Successfully started run#
squeue
Once the job is successfully running#
Check on the log file status
grep -i 'Processing completed.' run_cctm5.4+_Bench_2018_12US1_M3DRY_cb6r3_ae6_20200131_MYR.256.16x16pe.2day.20171222start.log
Output:
Once the job has completed running the two day benchmark check the log file for the timings.

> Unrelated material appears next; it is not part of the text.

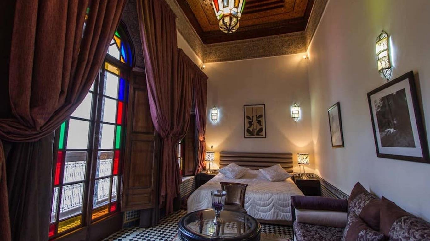 Riad Les Remparts De Fès is a luxurious and elegantly restored riad located along the ancient walls of the Fes Medina, offering breathtaking views and a refined Moroccan experience. The property beautifully combines traditional craftsmanship with modern sophistication, featuring exquisite zellij tilework, carved cedarwood, and graceful arches that reflect the timeless artistry of Fes. Each room and suite is individually designed with authentic Moroccan décor, plush bedding, and modern amenities, providing both comfort and elegance. Guests can start their day with a delicious homemade breakfast served on the panoramic rooftop terrace overlooking the Medina, or unwind in the peaceful courtyard surrounded by lush greenery. The riad also offers a restaurant serving traditional Moroccan cuisine prepared with fresh local ingredients. Known for its warm hospitality and attentive service, Riad Les Remparts De Fès provides a serene and stylish retreat, perfectly blending cultural authenticity, comfort, and charm in one of Morocco’s most captivating cities.

tail -n 18 run_cctm5.4+_Bench_2018_12US1_cb6r5_ae6_20200131_MYR.192.16x12pe.2day.20171222start.2x96.log
Output:
OUTDIR | /lustre/data_lim/output/output_v54+_cb6r5_ae7_aq_WR413_MYR_gcc_2018_12US1_2x96_classic
==================================
***** CMAQ TIMING REPORT *****
==================================
Start Day: 2017-12-22
End Day: 2017-12-23
Number of Simulation Days: 2
Domain Name: 12US1
Number of Grid Cells: 4803435 (ROW x COL x LAY)
Number of Layers: 35
Number of Processes: 192
All times are in seconds.
Num Day Wall Time
01 2017-12-22 1813.3
02 2017-12-23 2077.7
Total Time = 3891.00
Avg. Time = 1945.50
18.3.13. Submit a minimum of 2 benchmark runs#
NOTE, trying to reproduce this run on HBv120 Cluster am getting slower times.
tail -n 30 run_cctm5.4+_Bench_2018_12US1_cb6r5_ae6_20200131_MYR.192.16x12pe.2day.20171222start.2x96.shared.log
Output
==================================
***** CMAQ TIMING REPORT *****
==================================
Start Day: 2017-12-22
End Day: 2017-12-23
Number of Simulation Days: 2
Domain Name: 12US1
Number of Grid Cells: 4803435 (ROW x COL x LAY)
Number of Layers: 35
Number of Processes: 192
All times are in seconds.
Num Day Wall Time
01 2017-12-22 2549.7
02 2017-12-23 2752.4
Total Time = 5302.10
Avg. Time = 2651.05
Ideally, two CMAQ runs should be submitted to the slurm queue, using two different NPCOLxNPROW configurations, to create output needed for the QA and Post Processing Sections in Chapter 6.